Five minute DataFrame demo

In [1]:
import os

import findspark

# set spark_home to point to spark on your system
spark_home = os.path.join(os.path.expanduser('~'), 'src/spark')
findspark.init(spark_home=spark_home)

import pyspark

Initialize the SparkSession which allows us to use the RDD and DataFrame APIs

In [2]:
from pyspark.sql import SparkSession

spark = SparkSession \
    .builder \
    .master("local[2]") \
    .appName("DataFrame demo") \
    .getOrCreate()
    
sc = spark.sparkContext

Read in some data and turn it into an RDD of tuples

In [3]:
file_path = os.path.join(spark_home, 'examples/src/main/resources/people.txt')

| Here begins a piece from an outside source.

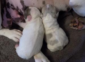 August 28, 2020. Lucy had a litter of three puppies, all females. Sadly, one puppy was born with a cleft palate and had to be put down. Honey is a beautiful blue fawn merel pied with colored ears. We are very grateful for Barbara Lockwood’s generosity in giving us the pick of the litter. We are also grateful for Lucy and Johnny for giving us the start of Bluecairo Frenchies.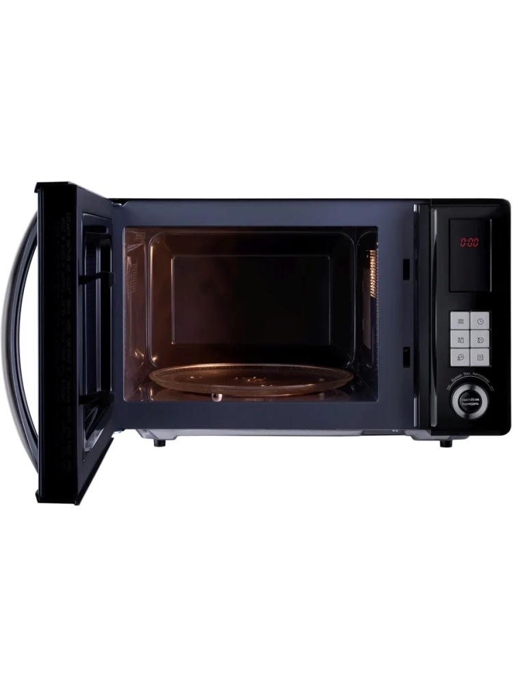 Объём внутренней камеры составляет 23 литра, что позволяет с комфортом размещать блюда для разогрева или приготовления на несколько персон. Мощность микроволн 800 Вт обеспечивает быстрое и равномерное нагревание продуктов. Вращающийся поддон диаметром 270 мм способствует качественному распределению волн по всему объёму.

people_rdd = (sc.textFile('file://{0}'.format(file_path)))
                .map(lambda line: line.split(',')))
In [4]:
people_rdd.first()
Out[4]:
['Michael', ' 29']

Now we can use this data to create Row objects and convert the RDD into a DataFrame:

In [5]:
from pyspark.sql import Row

row_rdd = people_rdd.map(lambda x: Row(name=x[0], age=int(x[1])))

row_rdd.first()

df = spark.createDataFrame(row_rdd)

When the DataFrame is constructed, the data type for each column is inferred:

In [6]:
df.printSchema()
root
 |-- age: long (nullable = true)
 |-- name: string (nullable = true)

In [7]:
df.first()
Out[7]:
Row(age=29, name='Michael')

There are some convenient methods for pretty-printing the columns:

In [8]:
df.show()
+---+-------+
|age|   name|
+---+-------+
| 29|Michael|
| 30|   Andy|
| 19| Justin|
+---+-------+

Let's compare RDD methods and DataFrame -- we want to get all the people older than 20:

In [9]:
# using the usual RDD methods
people_rdd.filter(lambda x: int(x[1])>20).collect()
Out[9]:
[['Michael', ' 29'], ['Andy', ' 30']]
In [10]:
# using the DataFrame
df.filter(df.age > 20).take(20)
Out[10]:
[Row(age=29, name='Michael'), Row(age=30, name='Andy')]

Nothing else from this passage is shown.